TIMES BANYUWANGI, JAKARTA – Anggota DPD RI, Dr. Lia Istifhama M.E.I. menyoroti berbagai modus penipuan yang memanfaatkan teknologi digital. Salah satunya modus penipuan menjelang masa pelaporan Surat Pemberitahuan Tahunan (SPT) Pajak 2024 yang mengatasnamakan Direktorat Jenderal Pajak (DJP) Kementerian Keuangan hingga pihak perbankan untuk menipu wajib pajak (WP).
“Modus-modus penipuan ini semakin menjamur, semakin berbahaya dan bisa merugikan korban secara finansial dan hukum,” kata Ning Lia sapaan akrab Lia Istifhama kepada TIMES Indonesia, Rabu (12/3/2025).
Perempuan yang terkenal dengan akronim Cantik (Cerdas, Inovatif, Kreatif) tersebut memaparkan jika saat ini salah satu modus yang paling sering dijumpai menjelang pelaporan SPT adalah pemberitahuan mengenai kewajiban pajak yang harus dibayar. Pelaku penipuan mengirimkan email, pesan melalui WhatsApp, atau SMS yang mengklaim bahwa WP memiliki tunggakan pajak atau kurang bayar.
"Biasanya, pesan tersebut berisi ancaman bahwa jika tidak segera melakukan pembayaran atau konfirmasi, WP akan dikenakan sanksi pidana berdasarkan UU Harmonisasi Peraturan Perpajakan (HPP), yang dapat berujung pada pidana penjara selama 6 bulan hingga 6 tahun," ungkapnya.
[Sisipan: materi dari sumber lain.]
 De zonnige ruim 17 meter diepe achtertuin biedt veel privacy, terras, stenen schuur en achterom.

Modus ini seringkali melibatkan aplikasi-aplikasi palsu yang diklaim sebagai aplikasi resmi, seperti Coretax yang digunakan untuk meminta konfirmasi atau pengisian data pribadi melalui email.
“Tujuan utama dari modus ini adalah untuk mendapatkan akses ke data pribadi korban, seperti Nomor Pokok Wajib Pajak (NPWP) dan informasi perbankan, yang bisa dimanfaatkan untuk tindakan kriminal lebih lanjut,” jelas anggota Komite III DPD RI ini.
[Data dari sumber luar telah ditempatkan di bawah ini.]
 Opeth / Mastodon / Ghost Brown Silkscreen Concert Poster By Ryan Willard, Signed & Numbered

Kasus penipuan lainnya yakni phishing menjadi salah satu metode yang paling efektif dan marak digunakan oleh penjahat siber. Penipu mengirimkan link palsu yang tampaknya berasal dari situs resmi DJP atau bank tertentu, dengan tujuan mengelabui korban agar memasukkan informasi pribadi seperti data login akun e-banking, password, hingga informasi kartu kredit.
"Link palsu ini sering kali menyerupai situs resmi sehingga sulit dibedakan oleh orang awam," paparnya.
Selain itu, lanjut Ning Lia, ada modus penipuan lain yang kini beredar adalah pengiriman pesan yang mengaku sebagai pengirim paket dari ekspedisi atau undangan pernikahan. Pesan ini berisi link atau lampiran yang apabila dibuka, mengandung malware atau virus yang dapat mencuri data pribadi korban.
"Penipu bahkan bisa mencantumkan nomor rekening untuk meminta pembayaran biaya pengiriman atau administrasi palsu," lanjutnya.
Dalam menghadapi modus penipuan ini, Ning Lia memaparkan penting bagi masyarakat untuk memahami hak dan perlindungannya sebagai Wajib Pajak. Undang-Undang Harmonisasi Peraturan Perpajakan (HPP) memberikan perlindungan terhadap WP yang melaksanakan kewajiban perpajakannya dengan benar dan transparan.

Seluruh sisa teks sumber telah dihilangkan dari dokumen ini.